Bamboo is familiar to Asian life and is recognized as a symbol of Asian sentiment. As bamboo is widely distributed in Asia, there is much room for its utilization and development. As bamboo charcoal (BC) can be manufactured by dry distillation of bamboo at high temperatures, it is plentiful, cheap, easy to prepare, and relatively nontoxic (Teraoka et al., 2004). Unlike charcoal that is primarily used as fuel, BC can remove formaldehyde (Suresh and Bandosz, 2018), regulate humidity (Horikawa et al., 2010), and purify water (Lin et al., 2017).
Food coloring agents can stimulate the appetite as a food additive (Cho et al., 2015; Foroni et al., 2016). For example, squid ink has been used as black coloring in food in Japan. However, because squid has been categorized as allergenic and squid populations are decreasing, alternatives have been considered (Taylor, 2008). BC is a food additive that has been approved for use as a black food coloring and is designated as an existing additive in Japan. BC powder, as a replacement for squid ink, is increasingly used as food coloring in bread, pasta, and other products.
Although many studies on the performance of BC for treating poisoning have been documented (Van et al., 2006), few reports regarding its health-promoting functions are available.

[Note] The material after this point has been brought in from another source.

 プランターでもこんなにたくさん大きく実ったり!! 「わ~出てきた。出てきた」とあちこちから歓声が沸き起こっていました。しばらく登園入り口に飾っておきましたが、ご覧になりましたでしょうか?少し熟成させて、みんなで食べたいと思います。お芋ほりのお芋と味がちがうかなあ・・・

As BC powder comprises black charcoal, a carbon allotrope with almost no digestible and absorbable components, it is used as a coloring agent for evaluating intestinal motility (Fujisaka et al., 2020). Therefore, BC might possess the same health-promoting functions as insoluble dietary fiber. For example, insoluble dietary fiber promotes laxation in humans (Dahl et al., 2005) and suppresses the rise of postprandial blood glucose levels (Takano et al., 2013). Insoluble dietary fiber also possesses serum cholesterol-lowering effects in mice and humans (Ausar et al., 2003; van Bennekum et al., 2005). The paper also studies the composition of the gut microbiota that is significantly affected by dietary fiber (Benus et al., 2010), and if changes in the gut microbiota affect energy harvesting and body weight (BW) (Turnbaugh et al., 2006).

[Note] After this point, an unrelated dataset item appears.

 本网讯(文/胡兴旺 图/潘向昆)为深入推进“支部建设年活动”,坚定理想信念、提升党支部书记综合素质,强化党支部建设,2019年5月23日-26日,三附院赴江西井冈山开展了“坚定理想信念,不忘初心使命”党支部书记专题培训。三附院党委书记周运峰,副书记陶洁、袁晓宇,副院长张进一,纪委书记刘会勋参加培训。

In this study, we evaluated the potential health-promoting functions of BC, particularly its effects on decreasing visceral adipose tissue weight, using a mouse model of high-fat diet (HFD)-induced obesity.
MATERIALS AND METHODS
Materials
BC powder was obtained from Kandagiko Co., Ltd.. Moso bamboo from Japanese prefecture Tottori was used as the raw material. The bamboo was cut into 4 m lengths and put into a pot, then the bamboo was directly ignited using a gas burner. After confirming that the bamboo was sufficiently heated, the pot was covered and carbonized at approximately 1,000°C for 5 days. After carbonization, pulverized coal pieces >6 mm were removed using a vibrating sieve, and BC pieces of 1∼6 cm were recovered. The BC was coarsely pulverized to a particle size of 4 mm or less, sterilized, and finely pulverized to a particle size of ≤45 μm. Water, crude protein, crude ash, and crude fat contents of BC powder were determined according to the Official Methods of Analysis of AOAC International (2019). The particle sizes of BC were determined using a laser micron sizer (LMS-2000e, SEISHIN ENTERPRISE Co., Ltd.), and the specific surface area, total pore volume, and the average pore size were measured using gas-sorption surface area and pore size analyzer (QUADRASORB evo 4, Anton Paar). The BC powder contained 8.9 wt% moisture, 1.5 wt% crude protein, 6.8 wt% crude ash, and no crude fat. The average particle size was 40.6 μm, the specific surface area was 175 m2/g, the total pore volume was 0.110 mL/g, and the average pore size was 2.52 nm.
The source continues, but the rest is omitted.